Seeing where both of us are now in the community, my admiration grows strong with this knowledge. Though, there is a part of it which actually has to do with my past regret—better described as…
To me, this was a big opportunity killer. Many things I now know that I could have done with the exact mindset I have in writing out this post never happened, because somewhere in the back of my mind, I chose to stand back.
I chose to be a spectator who waited until the ball comes flying my way. But that did not really happen either. It is time for me to share probably my third hidden event with you now:
The decision to join OWLS
This has been lingering for the longest time, I think. The natural flow in checking out people who interact with me happened long before Irina even; all the way back when Arria of Fujinsei first reached my blog (somehow lol). I’d discovered the owl loving warriors through her page and having read pretty much everything, for a while I though I was seeing heaven. I mean, a place where weebs can coexist no matter the hardship?
It’s too good to be true! But the “too good” part is actually my lacking self. I was held back by negative thoughts like…
“I won’t be there all the time!” or stuff like, “Wouldn’t I hurt their reputation, given my audacious style of writing?”
It was then I’d also realized that the exact same thoughts apply to my real life job as well, but the difference is that I HAVE to be at the job. This then gave me another layer of excusing shield, which is mostly why I still haven’t stepped a foot in the owl house.
Hesitation does not always lead to a bad ending.
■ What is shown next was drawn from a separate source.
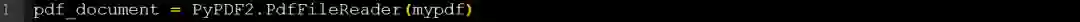 打开文件后,我们需要调用PyPDF2库中的PdfFileReader()函数,如下所示:

Because for once, the ball did come flying my way:
The 30 Day Anime Challenge which I have held back for 8 months. It was legitimately a good call because had it been running in April, some of the choices you see today would have not appear as I wouldn’t have seen them at the time of writing out the answers. Take the finale post for example: Made In Abyss aired in July and the news regarding Index III were not released either. In short, my anime challenge would not have been as fun as it has been if I did not hesitate.
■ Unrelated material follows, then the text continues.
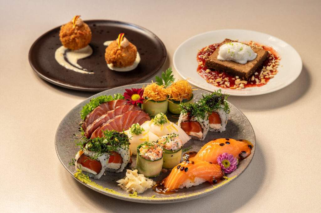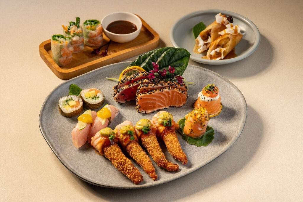 Entrada: ceviche de sororoca com laranja e maracujá. Principal: poke com salmão, lombo suíno empanado, abacaxi, uva, legumes, picles e chips de batata-doce. Sobremesa: gohan empanado e recheado com doce de leite, banana e leite condensado, finalizado com amendoim crocante.

Appreciation and Continuation
I know about it as much as any of you; I (and my blog) stop being great the moment I stop learning from others. Even if comes a day I am no longer able to do wrong, it will pay to learn from the people around myself for the things I shouldn’t do. I guess that is how reviews work in a way; I watched a show for you so you won’t really need to. I just apply that simpleminded logic to others around me, but the real catch is always the same:
Lesson number four: Do not stop learning from others and from yourself.
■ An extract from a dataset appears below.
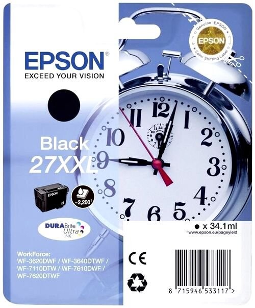Доставка в 75000 населённых пунктов, ТК СДЭК, Яндекс и Почта РФ Все формы оплаты для физических и юридических лиц! Онлайн конфигуратор ПК, бесплатная сборка. Гарантия 2 года! Широкий ассортимент комплектующих. Более 30 лет на рынке! ID товара: 248810 Картридж Epson C13T27914022 Black ОсновныеПроизводитель ........................................................................................................................................................................................................ Код производителя ........................................................................................................................................................................................................ C13T27914022 Тип ........................................................................................................................................................................................................ Тип печати ........................................................................................................................................................................................................ Тип совместимости ........................................................................................................................................................................................................ Совместимый производитель ........................................................................................................................................................................................................ Epson Цвет ........................................................................................................................................................................................................ чёрный (black) Совместимость ........................................................................................................................................................................................................ Epson WorkForce WF-3620DWF, Epson WorkForce WF-3640DTWF, Epson WorkForce WF-7110DTW, Epson WorkForce WF-7210DTW, Epson WorkForce WF-7610DWF, Epson WorkForce WF-7620DTWF, Epson WorkForce WF-7710DWF, Epson WorkForce WF-7720DTWF ДополнительноРесурс ........................................................................................................................................................................................................ 2200 стр. Ёмкость ........................................................................................................................................................................................................ 34.1 мл Количество в упаковке ........................................................................................................................................................................................................ 1 шт. Сайт производителя ........................................................................................................................................................................................................ |

I want to also give my thanks to these rebels who have stuck with my and my blog like super glue:
- Leap and tetrax: both of you set some seriously good example of awesome weebs. Can I join the club?
- Auricchi and nesha for occasionally giving me this with your like spams.
- Fueled by Smiling for doing exactly what the name of her blog implies!
- Michel for literally keeping me company even when I knew there wouldn’t be anyone around.
- Dave for striking my posts with massive paragraphs of comment when I least expect them.
- Irina. Clearly the mom I did not ask for.
- Plyassan and Panties for shoving different opinions down my throat no matter the occasion. They are kinda doing it to me right now with Fate/Stay Night UBW so look out for that very post on Panties’ blog.
- Remy-kun. We cannot let this Yaoi ship sink, okay? Even if it is for a joke.
- Alfredo! Some of you already know that I also love idol stuff but I’m still saying that you are looking at the wrong place! Go check his blog out to strengthen the idol blood in you.
- Karandi-senpai. She lives up to the honorific and none of us are even going to deny that fact.
I would like to also, finally thank you all for allowing me to make it past the two-hundred mark. So many events came together but I still hope that a single post would suffice even though my appreciation train as no brakes.
Do tell me that it is okay! Because this entire post is written with my index finger slowly destroying my poor Galaxy S8 screen. It is called a smartphone for a reason. Oh and if you’re wondering why I’d chosen to ‘tap’ on this milestone, that is because I am visiting my relatives right now.
When I get back to my lovely PC tomorrow, I will insert links in deserving places. I swear on me mom.